Un museo nel vuoto: in Lituania lo shtetl perduto torna a parlare 

Personaggi e Storie
di Anna Balestrieri
È un tentativo dichiarato di ricostruire un mondo, quello degli shtetl dell’Europa orientale: piccoli centri né urbani né rurali, dove per generazioni ebrei e non ebrei hanno condiviso spazi, mercati, strade. Prima della Shoah, questa “civiltà degli shtetl” si estendeva tra Lituania, Polonia, Bielorussia, Ucraina e Lettonia. Oggi è scomparsa quasi del tutto.
 
C’è un paradosso potente all’origine del Lost Shtetl Museum: costruire un museo su una civiltà scomparsa esattamente dove quella civiltà è stata cancellata. A Šeduva, in Lituania, non restano più gli ebrei che per secoli hanno abitato queste strade. Restano le case, le porte, i segni delle mezuzot: ma le vite che le animavano sono svanite. È da questo vuoto che il museo prende forma.

Il progetto 

Come raccontato anche dalla responsabile educativa Jolanta Mickutė, il progetto non si limita a raccogliere oggetti o documenti. È un tentativo dichiarato di ricostruire un mondo, quello degli shtetl dell’Europa orientale: piccoli centri né urbani né rurali, dove per generazioni ebrei e non ebrei hanno condiviso spazi, mercati, strade. Prima della Shoah, questa “civiltà degli shtetl” si estendeva tra Lituania, Polonia, Bielorussia, Ucraina e Lettonia. Oggi è scomparsa quasi del tutto.

Il viaggio nel museo 

Il percorso museale è costruito come un viaggio. Si apre con un film introduttivo che accompagna il visitatore in oltre sei secoli di storia e poi converge nel cuore simbolico dello shtetl: il mercato. Il “Marketplace” non è solo uno spazio espositivo, ma il centro vitale attorno a cui ruotava la convivenza quotidiana — commerci, relazioni, tensioni e scambi tra comunità diverse. Da qui si diramano tre traiettorie: la vita religiosa, i sogni individuali e la distruzione.

La dimensione religiosa 

Una delle sezioni più riuscite è quella dedicata ai “People of the Book”. La ricostruzione di una sinagoga in scala ridotta restituisce la dimensione concreta della pratica religiosa, dai rituali domestici alla vita comunitaria. Non è solo scenografia: elementi autentici recuperati da sinagoghe reali danno corpo a una tradizione che oggi, in quel territorio, è quasi del tutto assente.

Le storie individuali 

Accanto alla dimensione religiosa, il museo insiste sui percorsi individuali. Nella “Gallery of Dreams and Reality” emergono le aspirazioni dei giovani degli anni Venti e Trenta: emigrare, studiare, costruire una vita migliore. Sono storie di futuro — e proprio per questo ancora più tragiche, sapendo che quel futuro verrà interrotto. Alcuni partirono, altri rimasero. Quasi tutti condividevano la stessa speranza: una vita stabile, sicura, normale.
A rendere il percorso efficace è soprattutto la capacità di far vivere la storia al visitatore. Non solo oggetti e documenti, ma installazioni, film, ricostruzioni. Il passato non è esposto: è messo in scena, reso percepibile.

L’Olocausto 

Poi il percorso cambia. Si restringe, si oscura. La “Holocaust Gallery” introduce il crollo.
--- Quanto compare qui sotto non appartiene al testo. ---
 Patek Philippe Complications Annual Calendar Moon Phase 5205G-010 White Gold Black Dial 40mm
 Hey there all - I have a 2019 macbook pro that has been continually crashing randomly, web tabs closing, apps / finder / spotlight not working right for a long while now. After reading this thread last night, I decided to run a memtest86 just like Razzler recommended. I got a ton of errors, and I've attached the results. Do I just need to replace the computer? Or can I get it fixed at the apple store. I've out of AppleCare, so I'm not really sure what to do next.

La distruzione non arriva come un’eco lontana, ma come una frattura improvvisa e totale. Il museo colloca lo sterminio nel suo contesto — occupazione sovietica, invasione nazista — ma non attenua la responsabilità locale: viene mostrato come la comunità ebraica di Šeduva sia stata annientata dai nazisti con la collaborazione di attori locali. Allo stesso tempo, trova spazio anche il ricordo dei “Giusti tra le Nazioni”, a ricordare che persino nel collasso morale esistevano scelte individuali diverse.
Il percorso si chiude in modo inatteso. Dopo il buio, una sezione dedicata ai volti e alle voci dello shtetl. Non una celebrazione, ma un recupero della vita — di ciò che esisteva prima della fine. Le storie dei sopravvissuti e dei discendenti, disseminati nel mondo, riportano al museo oggetti, memorie, frammenti.
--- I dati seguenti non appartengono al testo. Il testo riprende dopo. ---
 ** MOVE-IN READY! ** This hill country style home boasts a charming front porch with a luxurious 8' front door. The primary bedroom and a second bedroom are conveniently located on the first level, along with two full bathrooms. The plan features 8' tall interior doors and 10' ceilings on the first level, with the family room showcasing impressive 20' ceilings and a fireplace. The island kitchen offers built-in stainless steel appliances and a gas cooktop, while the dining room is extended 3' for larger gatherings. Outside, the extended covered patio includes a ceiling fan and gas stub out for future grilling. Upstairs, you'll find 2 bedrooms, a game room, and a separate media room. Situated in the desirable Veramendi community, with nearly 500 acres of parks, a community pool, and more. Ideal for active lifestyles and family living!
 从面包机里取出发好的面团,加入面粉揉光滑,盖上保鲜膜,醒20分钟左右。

La memoria che diventa esperienza 

E fuori, appena oltre, il cimitero ebraico di Šeduva. È lì che il percorso simbolicamente si completa: dove la memoria incontra il luogo fisico della perdita.
Il Lost Shtetl Museum non è un museo neutro. Non consola, non semplifica. Mette il visitatore davanti a una domanda scomoda: cosa resta di una civiltà quando scompaiono le persone, ma non i luoghi?
La risposta, qui, non è affidata a una teca. È affidata all’esperienza.